§ **GOAL OF THE EXERCISE**:
Exact copy, no pictures: return all the data below as written.

[Data excerpts]

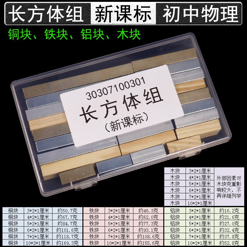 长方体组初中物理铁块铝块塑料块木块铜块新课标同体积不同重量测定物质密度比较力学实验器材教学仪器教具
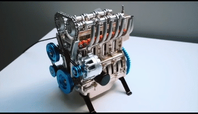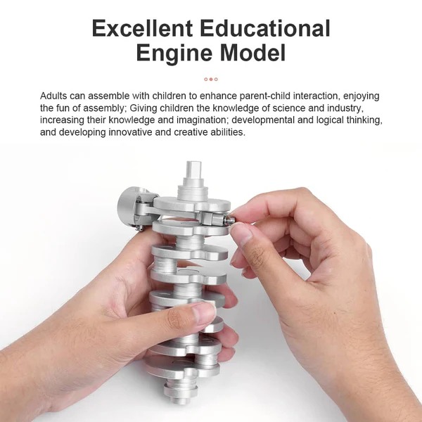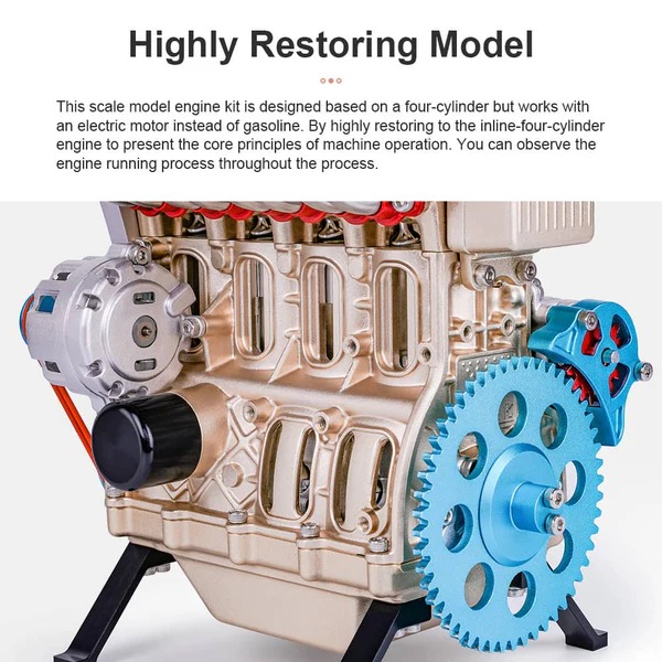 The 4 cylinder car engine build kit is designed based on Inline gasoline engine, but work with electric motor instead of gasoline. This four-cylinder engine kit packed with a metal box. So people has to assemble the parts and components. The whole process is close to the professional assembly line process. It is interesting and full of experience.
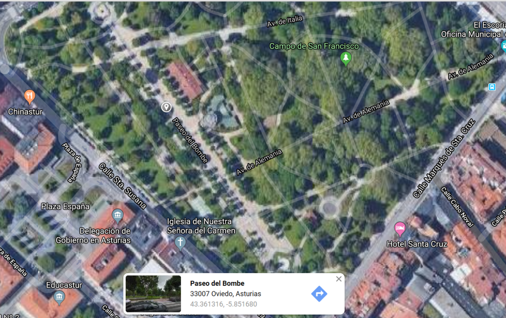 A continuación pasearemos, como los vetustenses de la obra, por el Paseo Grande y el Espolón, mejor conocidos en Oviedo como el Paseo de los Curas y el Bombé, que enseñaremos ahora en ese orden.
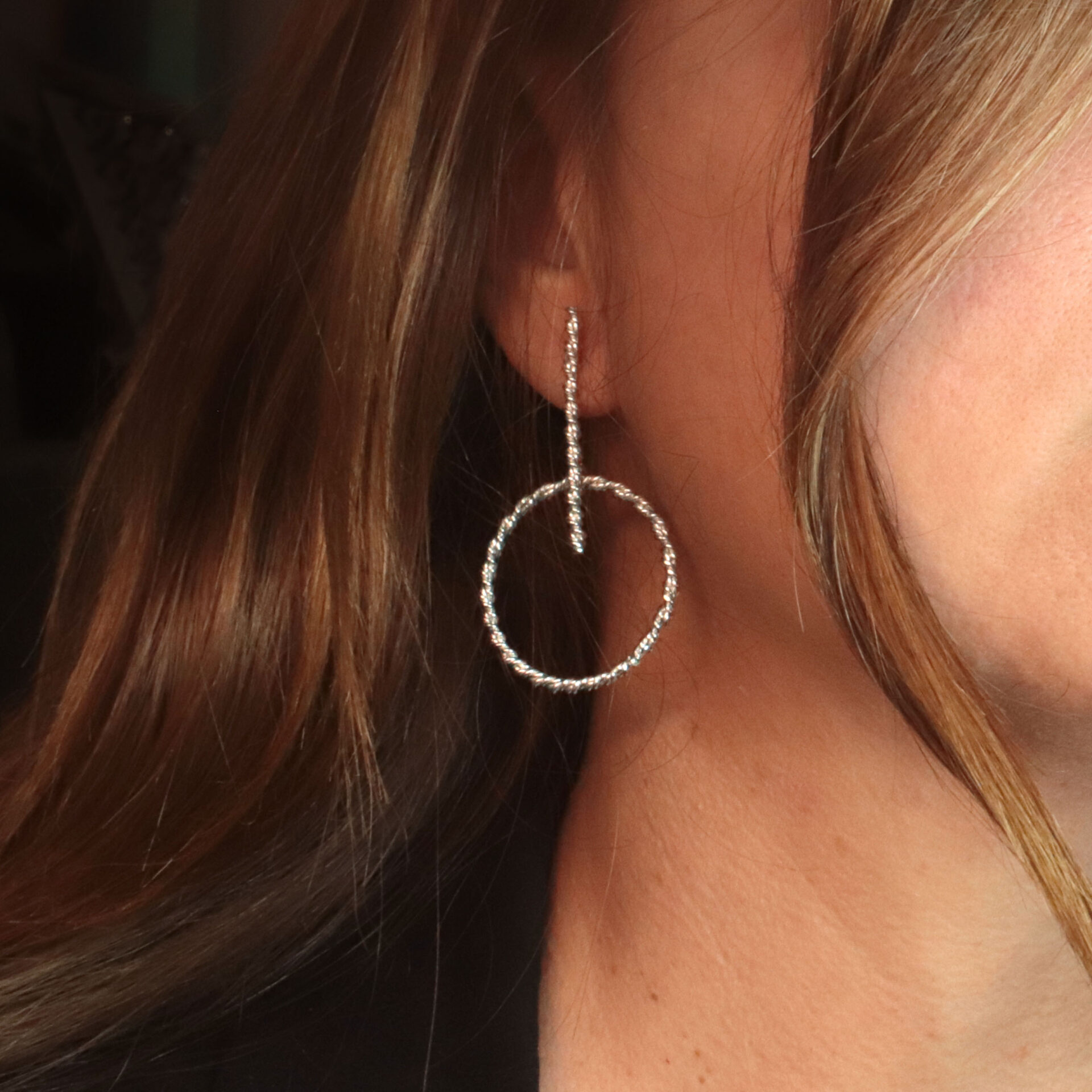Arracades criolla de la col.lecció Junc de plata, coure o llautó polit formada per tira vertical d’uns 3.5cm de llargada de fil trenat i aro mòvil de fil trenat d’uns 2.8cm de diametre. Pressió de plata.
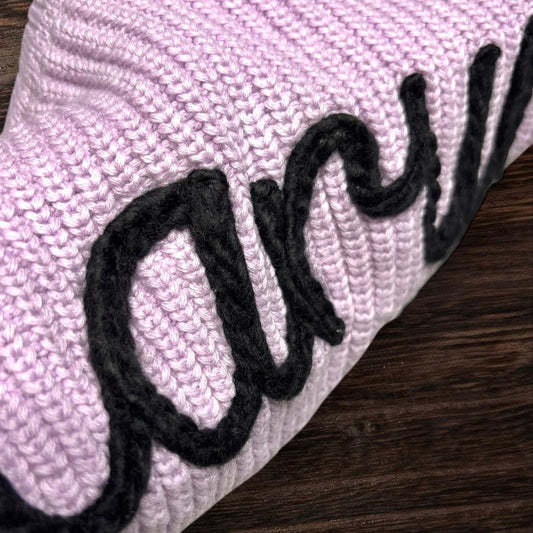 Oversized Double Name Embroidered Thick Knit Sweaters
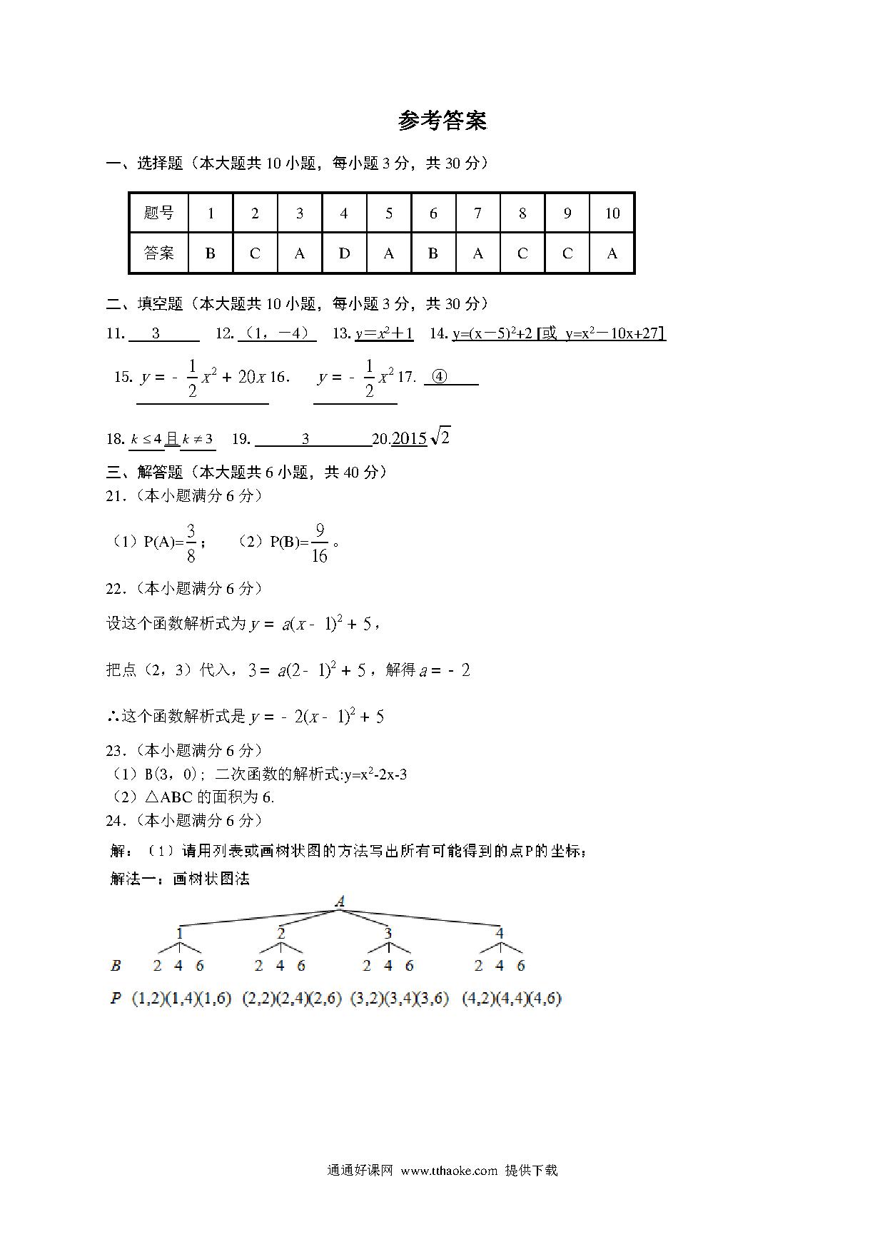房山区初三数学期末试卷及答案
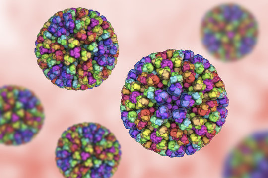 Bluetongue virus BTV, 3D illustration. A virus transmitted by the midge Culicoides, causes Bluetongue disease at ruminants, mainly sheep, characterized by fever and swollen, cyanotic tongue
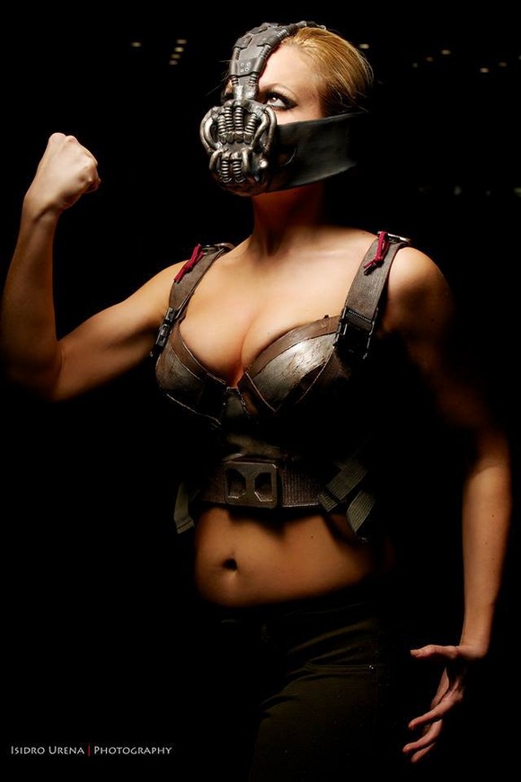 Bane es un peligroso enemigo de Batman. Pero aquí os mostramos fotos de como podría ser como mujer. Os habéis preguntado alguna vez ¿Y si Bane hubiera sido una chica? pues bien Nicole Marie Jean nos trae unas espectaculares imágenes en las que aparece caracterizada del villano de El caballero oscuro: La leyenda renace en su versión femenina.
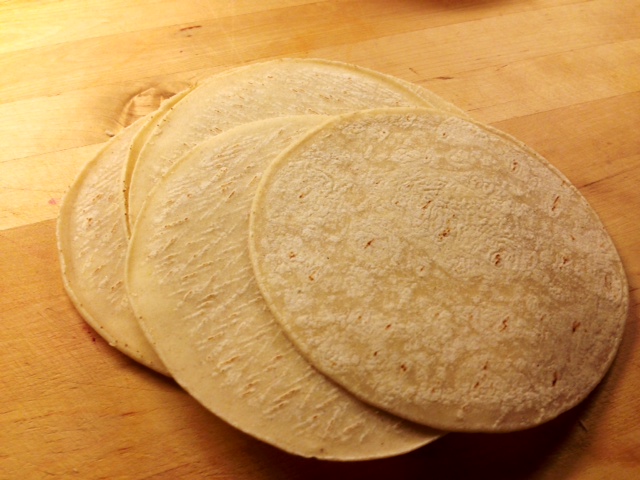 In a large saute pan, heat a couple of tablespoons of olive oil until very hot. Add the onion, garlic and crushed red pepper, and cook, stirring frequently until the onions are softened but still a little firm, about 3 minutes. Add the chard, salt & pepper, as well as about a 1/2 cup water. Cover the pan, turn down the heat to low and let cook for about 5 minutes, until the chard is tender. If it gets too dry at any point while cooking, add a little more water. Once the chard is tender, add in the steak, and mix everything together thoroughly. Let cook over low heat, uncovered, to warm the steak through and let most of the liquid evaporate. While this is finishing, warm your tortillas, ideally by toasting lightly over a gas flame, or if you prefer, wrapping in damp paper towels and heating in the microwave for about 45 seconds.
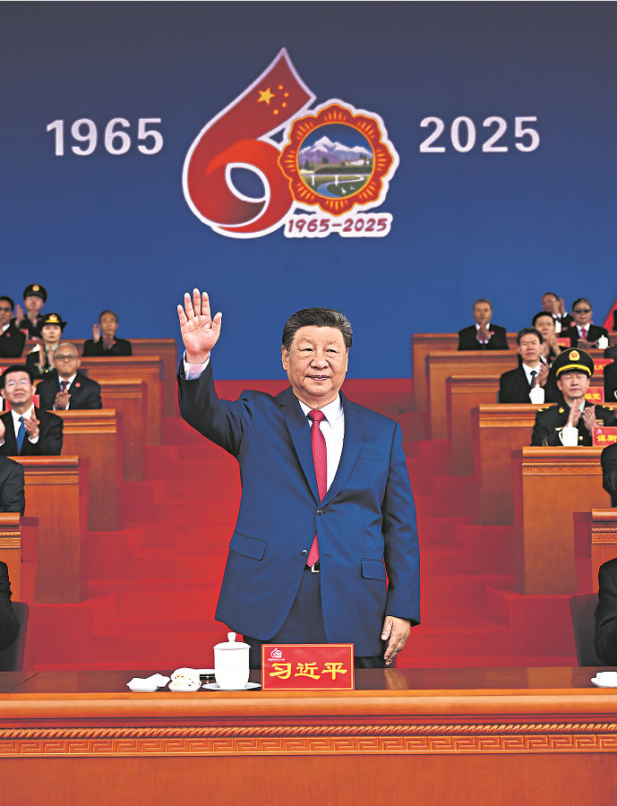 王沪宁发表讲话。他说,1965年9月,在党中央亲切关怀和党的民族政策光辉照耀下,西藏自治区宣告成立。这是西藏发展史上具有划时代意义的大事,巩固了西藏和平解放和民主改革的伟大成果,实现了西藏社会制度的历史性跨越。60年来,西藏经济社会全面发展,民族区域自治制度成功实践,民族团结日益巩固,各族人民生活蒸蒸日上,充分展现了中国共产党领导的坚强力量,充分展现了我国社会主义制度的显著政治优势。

§ **YOUR RESPONSE**:
 长方体组初中物理铁块铝块塑料块木块铜块新课标同体积不同重量测定物质密度比较力学实验器材教学仪器教具
 The 4 cylinder car engine build kit is designed based on Inline gasoline engine, but work with electric motor instead of gasoline. This four-cylinder engine kit packed with a metal box. So people has to assemble the parts and components. The whole process is close to the professional assembly line process. It is interesting and full of experience.
 A continuación pasearemos, como los vetustenses de la obra, por el Paseo Grande y el Espolón, mejor conocidos en Oviedo como el Paseo de los Curas y el Bombé, que enseñaremos ahora en ese orden.
Arracades criolla de la col.lecció Junc de plata, coure o llautó polit formada per tira vertical d’uns 3.5cm de llargada de fil trenat i aro mòvil de fil trenat d’uns 2.8cm de diametre. Pressió de plata.
 Oversized Double Name Embroidered Thick Knit Sweaters
房山区初三数学期末试卷及答案
 Bluetongue virus BTV, 3D illustration. A virus transmitted by the midge Culicoides, causes Bluetongue disease at ruminants, mainly sheep, characterized by fever and swollen, cyanotic tongue
 Bane es un peligroso enemigo de Batman. Pero aquí os mostramos fotos de como podría ser como mujer. Os habéis preguntado alguna vez ¿Y si Bane hubiera sido una chica? pues bien Nicole Marie Jean nos trae unas espectaculares imágenes en las que aparece caracterizada del villano de El caballero oscuro: La leyenda renace en su versión femenina.
 In a large saute pan, heat a couple of tablespoons of olive oil until very hot. Add the onion, garlic and crushed red pepper, and cook, stirring frequently until the onions are softened but still a little firm, about 3 minutes. Add the chard, salt & pepper, as well as about a 1/2 cup water. Cover the pan, turn down the heat to low and let cook for about 5 minutes, until the chard is tender. If it gets too dry at any point while cooking, add a little more water. Once the chard is tender, add in the steak, and mix everything together thoroughly. Let cook over low heat, uncovered, to warm the steak through and let most of the liquid evaporate. While this is finishing, warm your tortillas, ideally by toasting lightly over a gas flame, or if you prefer, wrapping in damp paper towels and heating in the microwave for about 45 seconds.
 王沪宁发表讲话。他说,1965年9月,在党中央亲切关怀和党的民族政策光辉照耀下,西藏自治区宣告成立。这是西藏发展史上具有划时代意义的大事,巩固了西藏和平解放和民主改革的伟大成果,实现了西藏社会制度的历史性跨越。60年来,西藏经济社会全面发展,民族区域自治制度成功实践,民族团结日益巩固,各族人民生活蒸蒸日上,充分展现了中国共产党领导的坚强力量,充分展现了我国社会主义制度的显著政治优势。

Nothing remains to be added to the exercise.